A necessidade de que o seguro seja acessível a todos
O caminho para a obtenção do seguro pode ser complexo e exigir questionários extensivos pré-seguro e análise da postura de cibersegurança. Para muitas empresas menores, isso pode ser uma barreira, levando a uma baixa aceitação do mercado por parte das empresas que provavelmente se beneficiarão com o seguro.
De acordo com a NetDiligence, em 2022, a média das reivindicações de seguro para incidentes cibernéticos foi de cerca de R$900 mil, um valor significativo o suficiente para causar sérios prejuízos às finanças de uma empresa. Para tornar o seguro cibernético acessível até mesmo para pequenas empresas, o governo do Reino Unido implementou o plano Cyber Essentials. Esse programa permite que uma empresa adote práticas mínimas de cibersegurança e receba a certificação, além de uma apólice de seguro contra riscos cibernéticos no valor de R$162.500.

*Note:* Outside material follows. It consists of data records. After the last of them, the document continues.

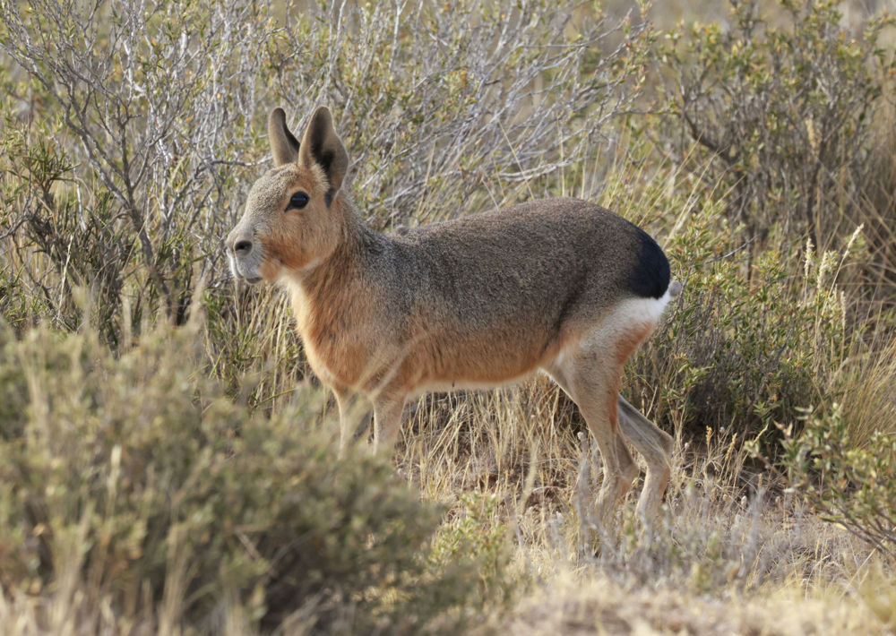 Over the next two days, we had a real blast exploring the fascinating coastal region of the Valdes Peninsula, a UNESCO World Heritage Site that is home to unique birds and mammals. A fabulously calm day greeted our boat excursion on the bay, where we enjoyed amazingly close studies of endangered Southern Right Whales, including a female and calf, as well as the much-wanted Snowy Sheathbills. The desert held several comical Patagonian Mara, while beaches were home to giant snorting Southern Elephant Seals in molt. The cute Patagonian Cavy touched our hearts. A carefully constructed wooden boardwalk gave us access to a colony of countless thousands of Magellanic Penguins, a sight just as awe-inspiring as our mega-close studies of a pair of the endemic White-headed Steamer-Duck.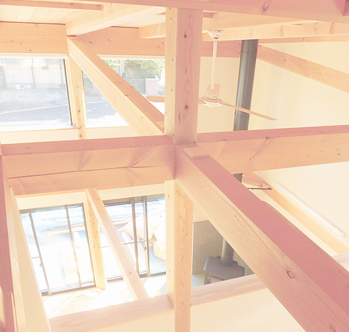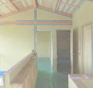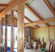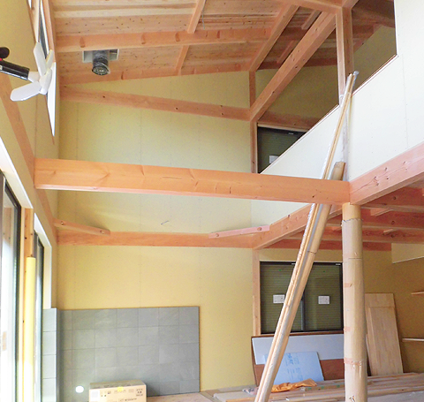 外周部分は構造用耐力面材「モイス」も貼り終わり、サッシも入りました。電気配線工事が終了し、薪ストーブ用煙突も先行で工事が終わりました。ロフトも形ができてきました。紀州産の床材厚30mmのスギ板も現場に入っています。まもなく外周部の壁に断熱材セルロースファイバーが吹込みになります。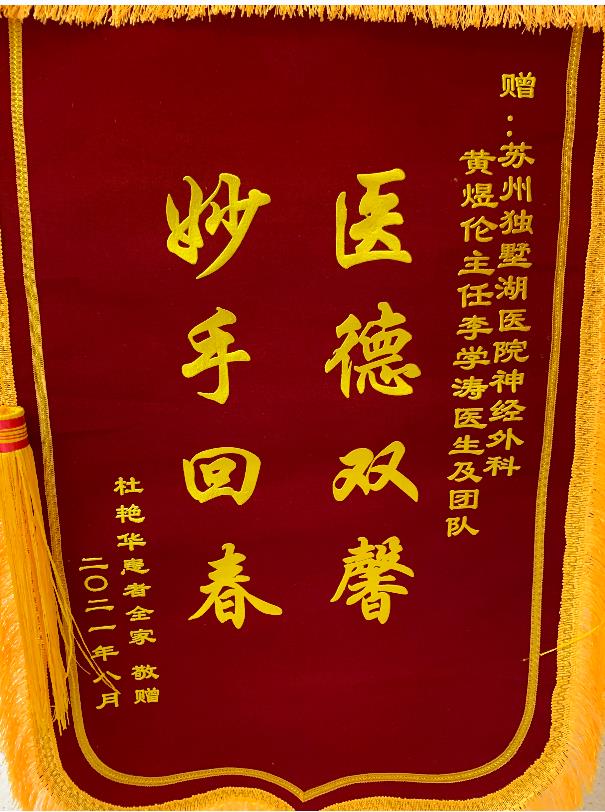 患者杜女士全家赠送锦旗感谢我院神经外科李学涛医生及团队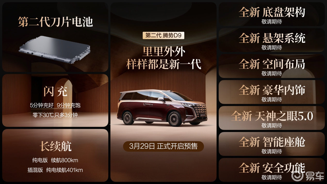 此次预售公布的仅为第二代腾势D9的冰山一角。新车在底盘架构、悬架系统、空间布局、豪华内饰、智能驾驶、智能座舱、安全功能等领域均搭载大量创新与升级,以新一代旗舰标准雕琢每一处细节,实现里里外外、样样皆新的全面进化。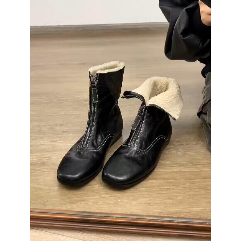 马丁靴女真皮2025年秋冬新款英伦风平底复古软皮后拉链切尔西短靴

Para as empresas de pequeno e médio porte, o problema vai além do aspecto financeiro, envolvendo também a falta de recursos. A ausência de especialistas em resposta cibernética para lidar com as consequências de um ataque é uma questão crítica. Uma apólice de seguro cibernético pode ajudar a cobrir essa necessidade, oferecendo suporte especializado para garantir que a empresa retome suas operações o mais rapidamente possível. Fornecendo equipes de especialistas para uma resposta e recuperação eficientes, a seguradora pode minimizar as perdas financeiras e reduzir o tamanho de um possível sinistro. Além disso, a cobertura pode incluir acesso a consultoria jurídica, o que pode ajudar a reduzir reivindicações de multas regulatórias e minimizar o risco de ações judiciais coletivas.
Outras partes afetadas por um ataque cibernético são os clientes de uma empresa, sejam eles consumidores ou outras empresas. Esses clientes esperam que suas transações e dados compartilhados estejam seguros. É cada vez mais comum encontrar cláusulas nos contratos e acordos entre empresas que exigem cobertura de terceiros em caso de vazamento de dados. Esse é mais um motivo para que as empresas considerem a contratação de um seguro contra riscos cibernéticos, caso ainda não o tenham.
O seguro contra riscos cibernéticos deve ser a nova norma
A mudança para um ambiente mais digital observada em todo o mundo significa que os ataques cibernéticos são uma realidade dos negócios atuais. Manter uma boa postura de cibersegurança e compensar o risco com uma apólice de seguro contra riscos cibernéticos é agora um custo dos negócios, da mesma forma que as empresas fazem seguro contra incêndio e roubo.
Este post é o primeiro de uma série que aborda o seguro cibernético e sua relevância. As próximas publicações se aprofundarão em sua governança, legalidades, riscos futuros e na inegável vantagem comercial de obter cobertura cibernética no ambiente de risco atual.